» **Your instructions**
For this exercise, return only the lines in the records below from the one holding "JPMorgan analistleri, momentum" through the one holding "Sarri sfida il", including both, exactly as they appear and without pictures.

» **Records to process**
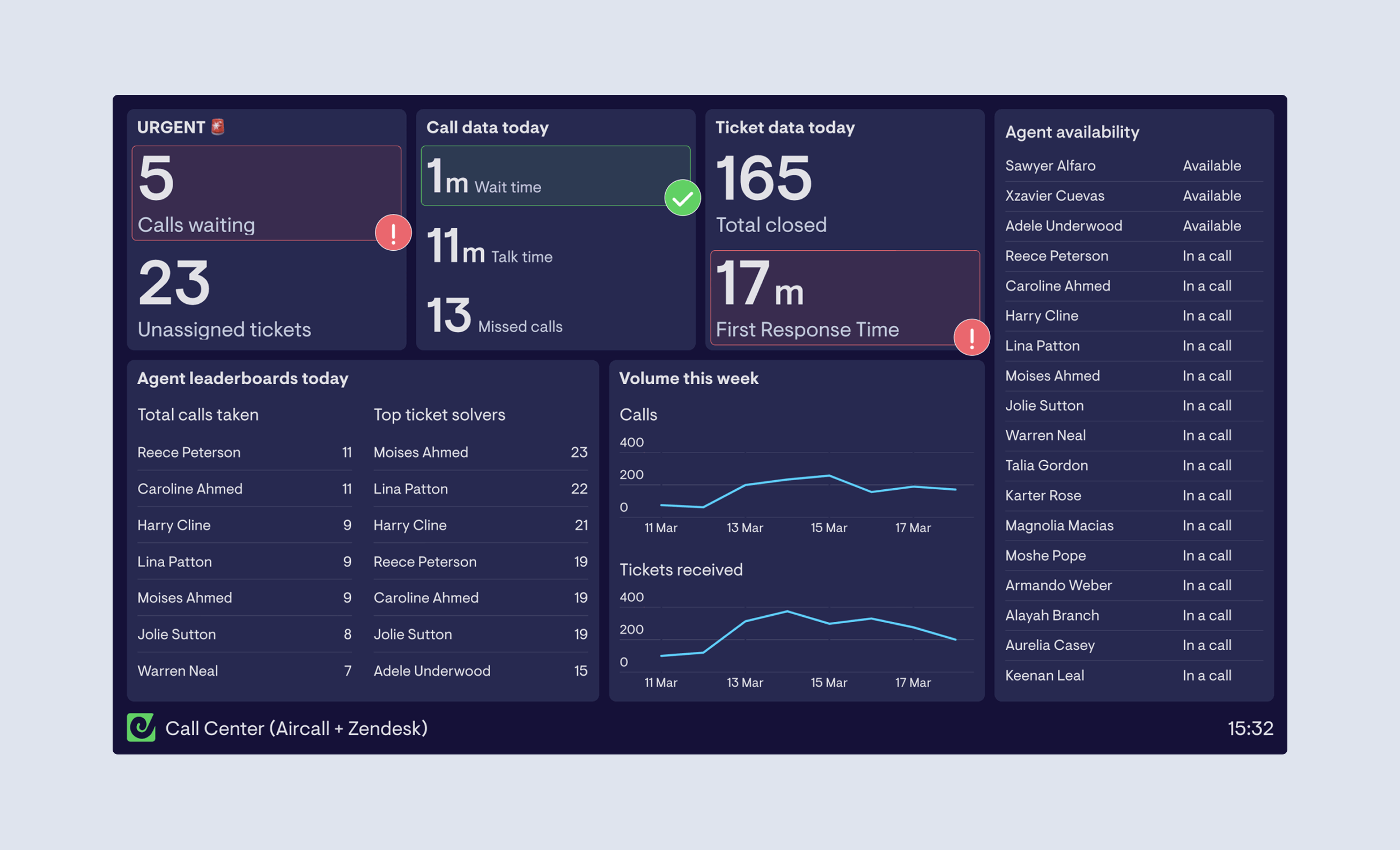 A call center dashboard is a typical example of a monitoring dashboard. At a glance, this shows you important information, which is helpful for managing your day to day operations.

* * *

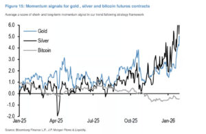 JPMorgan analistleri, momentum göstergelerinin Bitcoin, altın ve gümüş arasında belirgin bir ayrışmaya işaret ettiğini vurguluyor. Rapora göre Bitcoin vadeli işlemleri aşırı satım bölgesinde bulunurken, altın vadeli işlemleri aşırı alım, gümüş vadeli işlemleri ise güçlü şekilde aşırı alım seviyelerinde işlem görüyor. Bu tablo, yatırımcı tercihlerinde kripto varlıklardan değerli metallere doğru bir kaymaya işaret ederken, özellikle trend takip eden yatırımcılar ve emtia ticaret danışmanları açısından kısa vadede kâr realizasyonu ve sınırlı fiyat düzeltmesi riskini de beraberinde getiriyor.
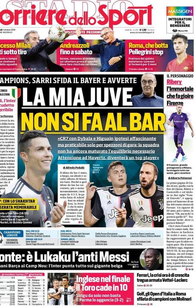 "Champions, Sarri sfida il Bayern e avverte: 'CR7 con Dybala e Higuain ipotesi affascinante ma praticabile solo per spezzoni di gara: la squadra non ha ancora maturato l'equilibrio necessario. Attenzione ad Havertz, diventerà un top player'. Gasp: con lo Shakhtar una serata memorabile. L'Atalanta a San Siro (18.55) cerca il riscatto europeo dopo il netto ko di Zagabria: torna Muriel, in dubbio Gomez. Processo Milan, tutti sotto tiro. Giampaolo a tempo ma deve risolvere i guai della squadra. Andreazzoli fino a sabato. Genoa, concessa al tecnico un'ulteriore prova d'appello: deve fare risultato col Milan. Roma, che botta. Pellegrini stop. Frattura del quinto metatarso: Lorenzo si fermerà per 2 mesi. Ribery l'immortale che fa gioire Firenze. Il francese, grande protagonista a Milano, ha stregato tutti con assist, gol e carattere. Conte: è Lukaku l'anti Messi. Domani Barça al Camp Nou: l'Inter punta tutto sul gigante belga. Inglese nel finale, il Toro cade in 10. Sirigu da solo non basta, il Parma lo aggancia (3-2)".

» **Result of this task**
 JPMorgan analistleri, momentum göstergelerinin Bitcoin, altın ve gümüş arasında belirgin bir ayrışmaya işaret ettiğini vurguluyor. Rapora göre Bitcoin vadeli işlemleri aşırı satım bölgesinde bulunurken, altın vadeli işlemleri aşırı alım, gümüş vadeli işlemleri ise güçlü şekilde aşırı alım seviyelerinde işlem görüyor. Bu tablo, yatırımcı tercihlerinde kripto varlıklardan değerli metallere doğru bir kaymaya işaret ederken, özellikle trend takip eden yatırımcılar ve emtia ticaret danışmanları açısından kısa vadede kâr realizasyonu ve sınırlı fiyat düzeltmesi riskini de beraberinde getiriyor.
 "Champions, Sarri sfida il Bayern e avverte: 'CR7 con Dybala e Higuain ipotesi affascinante ma praticabile solo per spezzoni di gara: la squadra non ha ancora maturato l'equilibrio necessario. Attenzione ad Havertz, diventerà un top player'. Gasp: con lo Shakhtar una serata memorabile. L'Atalanta a San Siro (18.55) cerca il riscatto europeo dopo il netto ko di Zagabria: torna Muriel, in dubbio Gomez. Processo Milan, tutti sotto tiro. Giampaolo a tempo ma deve risolvere i guai della squadra. Andreazzoli fino a sabato. Genoa, concessa al tecnico un'ulteriore prova d'appello: deve fare risultato col Milan. Roma, che botta. Pellegrini stop. Frattura del quinto metatarso: Lorenzo si fermerà per 2 mesi. Ribery l'immortale che fa gioire Firenze. Il francese, grande protagonista a Milano, ha stregato tutti con assist, gol e carattere. Conte: è Lukaku l'anti Messi. Domani Barça al Camp Nou: l'Inter punta tutto sul gigante belga. Inglese nel finale, il Toro cade in 10. Sirigu da solo non basta, il Parma lo aggancia (3-2)".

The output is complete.